━━━━━ The data ━━━━━

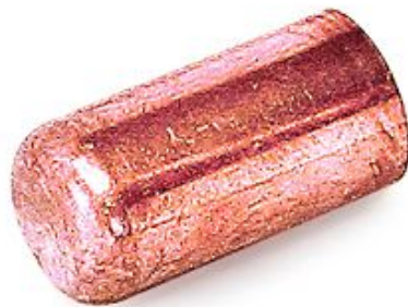
VCG 290, Stopfen
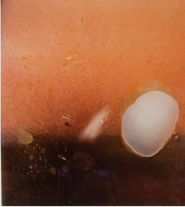
Görsel 5: Ekrem Kahraman, “Görsel Farklılık Uygurlığı” 200x185cm, T.Ü.Y.B., 2014

“Farklılık Uygurlığı” adlı (görsel 5) eserde tuval yüzeyinin yarısından fazla alanı turuncu geri kalan kısım ise kahverengidir. Bu kahverengi alandan yukarıya doğru aynı renkler püskürtülerek taşınmış, resimde bütünlük sağlanmıştır. Ayrıca bu renge mavi renkler püskürtülmüş, renkler zenginleştirilmiştir. Resmin sağ kısmının iki farklı rengin birleştiği yerde büyük oval bir bulut görülmektedir. Bulutun alt kısmına ve yanlarına bir ışık çarpmış gibi parlak renkler verilmiştir. Eserin ortasında açık renk eğik bir leke, hemen üzerinde ters bir trafik konisi boyanmıştır. Bu koniler üst yüzeyde iki yatay şekilde olmak üzere bir tane de alt yüzeyde vardır. Ortada da silindirik şeklinde sarı bir form vardır. Tüm bu şekiller koyu kahverengi ve siyah düşen gölgeleriyle resmedilmiştir.
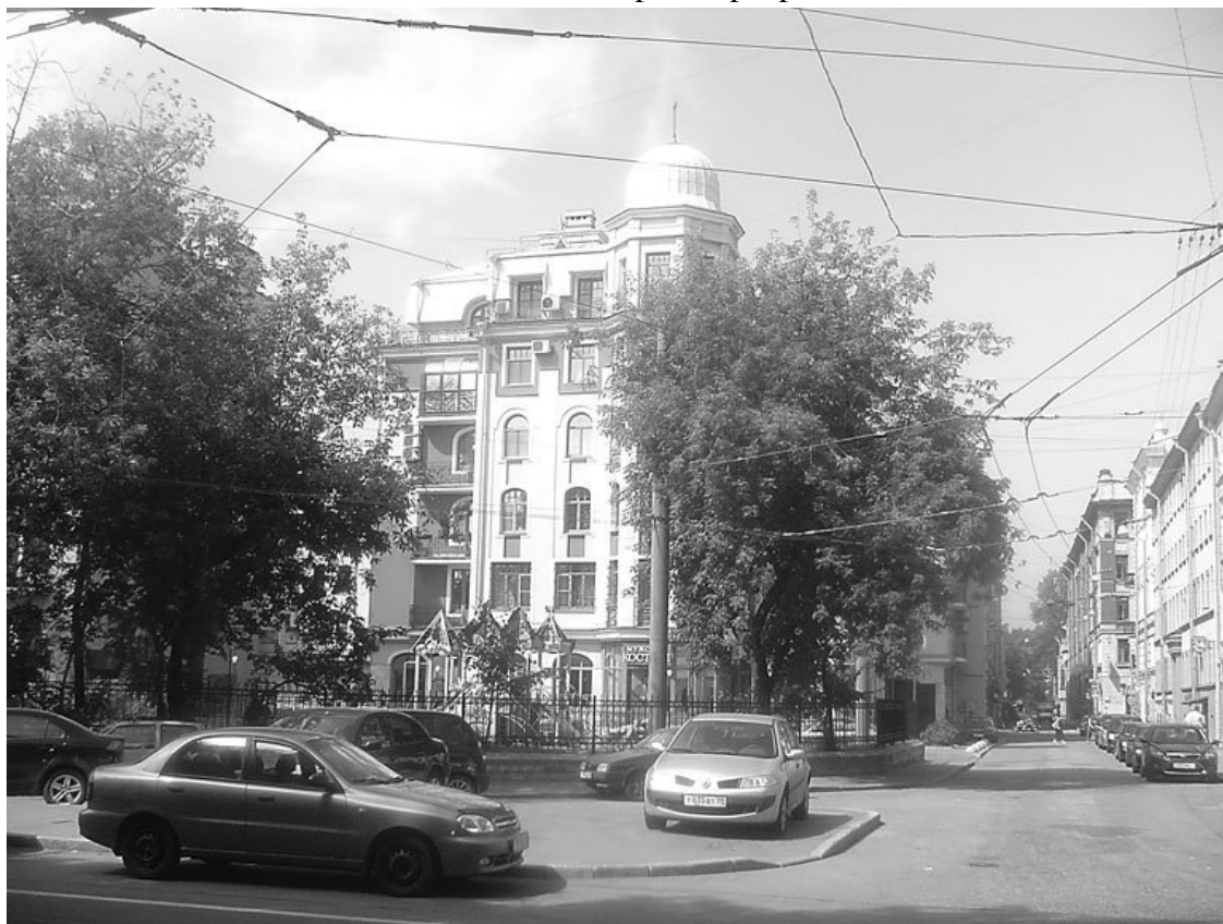
Бармалеева ул., 2

В 1880 г. на участке № 35, на углу Геслеровского переулка, по проекту архитектора И.Н. Иориса осуществлено строительство четырех каменных построек Дома милосердия. Он предназначался «для приучения к труду впавших в порок несовершеннолетних девушек и взрослых, изъявивших желание исправиться». В марте 1895 г. открылся приют для несовершеннолетних, рассчитанный на 50 девочек в возрасте от 10 до 18 лет. В нем было 10 комнат, домовая церковь, прачечная. Воспитанницы приюта получали религиозно-нравственное воспитание. Они стирали белье, готовили пищу, занимались огородничеством, всем тем, чтобы «из них получилась хорошая прислуга или хозяйка в сельском быту». Это был единственный приют в России подобного типа. В 1899 г. в Доме милосердия призрелись 53 девочки и 42 женщины.

━━━━━

The answer should consist only of the lines from the line containing "Бармалеева ул., 2" through the final line of the listing above, reproduced exactly.

Бармалеева ул., 2

В 1880 г. на участке № 35, на углу Геслеровского переулка, по проекту архитектора И.Н. Иориса осуществлено строительство четырех каменных построек Дома милосердия. Он предназначался «для приучения к труду впавших в порок несовершеннолетних девушек и взрослых, изъявивших желание исправиться». В марте 1895 г. открылся приют для несовершеннолетних, рассчитанный на 50 девочек в возрасте от 10 до 18 лет. В нем было 10 комнат, домовая церковь, прачечная. Воспитанницы приюта получали религиозно-нравственное воспитание. Они стирали белье, готовили пищу, занимались огородничеством, всем тем, чтобы «из них получилась хорошая прислуга или хозяйка в сельском быту». Это был единственный приют в России подобного типа. В 1899 г. в Доме милосердия призрелись 53 девочки и 42 женщины.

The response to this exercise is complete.